When I was in school, I knew that I wanted to be able to help people. At the time I was torn between social work and being a teacher. I worked at an adult day center and that helped me to decide on the direction I went. Somebody I worked with there actually helped me to get my job here at COA when I graduated. Although now that I’m a Team Educator, I guess I got to do both, after all.
(NOTE: In collaboration with COA’s Human Resources and Training team, Team Educators coordinate the training process for new hires within their respective departments. They also assist Human Resources in training COA’s Self Directed Teams on new trainings and initiatives.)
What do you find rewarding about the work you do?
I like being able to meet with people in their home and working with them where they feel most at ease. I see what it means to them to be there and I know that the work I do with them can help to keep them there. It means more than receiving any particular service. The goal is for them to be at home, not just get help with transportation or meals. It’s all for that goal.
Being a Team Educator, I also get to experience the reward of seeing new staff use what I’ve taught them and combine that with their own passion to help others and get out there and help their own clients. That is very rewarding to see happen.

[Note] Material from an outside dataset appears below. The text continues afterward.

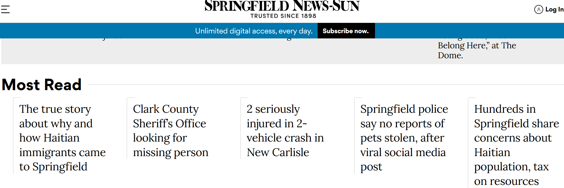 It just so happened that I was in Springfield just a couple of days after, the great, “Haitians eating pets” fiasco by Trump and JD Vance, who is also from near Springfield. Talking with locals in both Springfield and Urbana about their unwanted Trumpian notoriety, was beyond humiliating for them. Without exception, every person I ran into was humiliated, embarrassed by and scornful of Trump and Vance’s insanely dishonest conspiracy theories regarding local pets. There is more good news on the Trump/ Vance issue later, or maybe even tomorrow, time-permitting. For those interested, the local paper, The Springfield News-Sun has run an exhaustive and excellent series of articles, explaining the full spectrum of issues surrounding the tragically laughable conspiracy theories.

You obviously experience some challenges in your role. Talk about one of them and what you do to overcome it.
One of the biggest challenges is meeting with somebody who doesn’t want help or is hesitant to listen to us. It might be because of pride, fear or simply not knowing me or COA enough to trust us.
I’ve found the best approach in this situation is to clearly define what we do and how we can help them. Then I explain that our services are there to keep them healthy, safe and at home. I also remind them that we are not only a help to them, but often their caregivers, who are often their own children. Just taking a caring and honest approach can go a long way.
When somebody hears the title “social worker,” what do you want them to think of?
It’s hard to pin it down. The opportunities for social workers are so diverse. There are so many different populations that benefit from social work through limitless services. I just hope people understand how many different services we can provide and that each of us carries a unique set of skills and knowledge. I don’t even refer to myself as a social worker. I identify as a care coordinator, which is just one of the many options out there. Even as a care coordinator I continue to learn so many different things.
In the spirit of National Social Work Month, how would you say that you or your colleagues “Stand Up” for the people that you serve?
We are experts at what we do, but sometimes peoples’ needs go beyond what services we can provide, or they just could be a better fit for other programs. Sometimes our job requires being more than a care coordinator and we become their advocate and a resource. We can provide information and connect them to resources outside of COA. Sometimes we can even go as far as to make calls to those resources for them.
In my time here I’ve seen some instances where members of my team have gone above and beyond and devoted extra time to a client when it was needed. The people I work with can do some amazing things and they do it for the same reasons I got into this job. They just have that desire to help others.